Heart moved by the sensitive little boy, Tea ruffled his black, messy locks.

"I can make it!" she assured him with her usual bravo. Dubious as ever, probably due to his brother's influence, he propped his hands on his hips, eyebrows disappearing under his bushy bangs.

"Nice," Tea mentioned on his expression. "How long did you practice in front of a mirror?"

With a whoosh of air, he released the stance, matching her slow pace. "A few hours," he admitted sheepishly, but it was worth it to hear her laugh.

"Tea," he broached upon the subject carefully. "Are you sure that you still don't-"

"Sorry, Mokuba," she smiled artlessly, guilelessly, and thought she might want to look into acting. "I still don't remember what happened."

He slumped discreetly. "No helping that, then." He made an effort to smile, and Tea felt her heart twist in her chest at his kindness.

In the middle of all the horrible things that had happened, Mokuba had been a point of brightness. He had been one of the last people Tea had expected to see upon waking in the hospital, and when he had explained how he had found her, the girl had been beyond grateful.

He had continued to visit her in the hospital, and the two formed a strong rapport. To Mokuba's surprise and delight, Tea never spoke down to him the way other adults seemed to. Despite being in obvious pain, she was always kind and upbeat, and conversation flowed easily between them. His regard for her grew, and, in turn, Tea's affection for the younger Kaiba deepened enormously.

What had transpired never flew far from her thoughts, though, especially since she was reminded of it every time one of the doctors drew her blood for examining. Each time the needle pierced her skin, the girl was tempted to divulge her story. But each time, she bit her tongue and swallowed the words down, terrified beyond reason of being condemned as insane.

No one had asked about the stone in her hand, so Tea knew it was somehow obscured from their vision. Late at night, she pored over the gem piercing her right palm, picking at where her skin molded around it.

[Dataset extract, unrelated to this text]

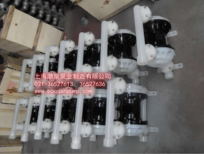 ![]() QBY-25工程塑料氣動隔膜泵產品概述: QBY-25工程塑料氣動隔膜泵采用壓縮空氣為動力源,對于各種腐蝕性液體,帶顆粒的液體,高粘度、易揮發、易燃、劇毒的液體,均能予以抽光吸盡。隔膜泵根據不同液體介質分別采用丁腈橡膠、氯丁橡膠、氟橡膠、聚四氟乙烯隔膜,以滿足不同用戶的需要。 耐腐蝕耐酸堿氣動化工泵主要特點: 1、不需灌引水,吸程高達7m,揚程達50m,出口壓力≥6kgf/cm2; 2、流動寬敞,通過性能好,允許通過最大顆粒直徑達10mm。抽送泥漿、雜質時,對泵磨損甚微; 3、揚程、流量可通過氣閥開度實現無級調節(氣壓調節在1-7kgf/cm2之間); 4、該泵無旋轉部件,沒有軸封,隔膜將抽送的介質與泵的運動部件、工作介質完全隔開,所輸送的介質不會向外泄漏。所以抽送有毒、易發揮或腐蝕性介質時,不會造成環境污染; 5、不必用電,在易燃、易爆場所使用安全可靠; 6、可以浸沒在介質中工作; 7、作用方便、工作可靠、開停只需簡單地打開和關閉氣體閥門,即使由于意外情況而長時間無介質運行或突然停機,泵也不會因此而損壞,不旦超負荷,泵會自動地停機,具有自我保護性能,當負荷恢復正常后,又有自動啟動運行; 8、結構簡單、易損件少,該泵結構簡單,安裝、維修方便,泵輸送的介質不會接觸到配氣閥,聯桿等運動部件,不象其他類型的泵因轉子、活塞、齒輪、葉片等部件的磨損而使性能逐步下降; 9、可輸送較粘的液體(粘度在1萬厘泊以下); 10、本泵無須用油潤滑,即使空轉,對泵也無任何影響,這是該泵一大特點。 主要用途: 1、泵吸花生醬、泡菜、土豆泥、小紅腸、果醬蘋果漿、巧克力等。 2、泵吸油漆、樹膠、顏料。 3、粘合劑和膠水、全部種類可用泵吸取。 4、各種瓦、瓷、磚器及陶器釉漿。 5、油井鉆好后,用泵吸沉積物及灌漿。 6、泵吸各種乳劑和填料。 7、泵吸各種污水。 8、用泵為油輪,駁船清倉吸取倉內污水。 9、啤酒花及發酵粉稀漿、糖漿、糖密。 10、泵吸礦井、坑道、隧道、選礦、礦渣中的積水。泵吸水泥灌漿及灰漿。 11、各種橡膠漿。 12、各種磨料、腐蝕劑、石油及泥漿、清洗油垢及一般容器。 13、各種劇毒、易燃、易揮發液體。 14、各種強酸、強堿、強腐蝕液體。 15、各種高溫液體最高可耐150℃。 材質:鑄鐵、鋁合金、不銹鋼、工程塑料、 隔膜材質:丁晴膠、F46 型號:QBY-10、QBY-15、QBY-25、QBY-40、QBY-50、QBY-65、QBY-80、QBY-100。16、作為各種固液體分離設備的前級送壓裝置。 QBY-25工程塑料氣動隔膜泵 耐腐蝕耐酸堿氣動化工泵性能參數:

Once, she attempted to rip it out of her hand, but it would not budge, and in the morning, her flesh had healed back around it.

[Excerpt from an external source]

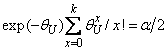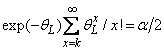 2. Since the Poisson is a discrete distribution, it is not possible to construct an exact CONPER% confidence interval for all values of CONPER. Let α = 1 − CONPER/100, and let k be a single observation. Then, the approximate lower and upper confidence limits θ L and θ U (TLOWER and TUPPER) are solutions to the equations

So she let the freaky thing be, and focused on what she could control: her new friendship with Mokuba, recovering, schoolwork, and reports of how her friend's tournament was going.

The doctors expressed shock at how quickly she got back on her feet; Tea just smiled, ruffled Mokuba's hair, and said she had the best encouragement in the world(the boy would grin with unabashed joy at that).

And a month later, Tea went home on crutches, with her parents on either side of her, a promise from Mokuba to visit every other day, and a mission burning in the privacy of her mind: to find out what was going on, and to do whatever she could to stop it.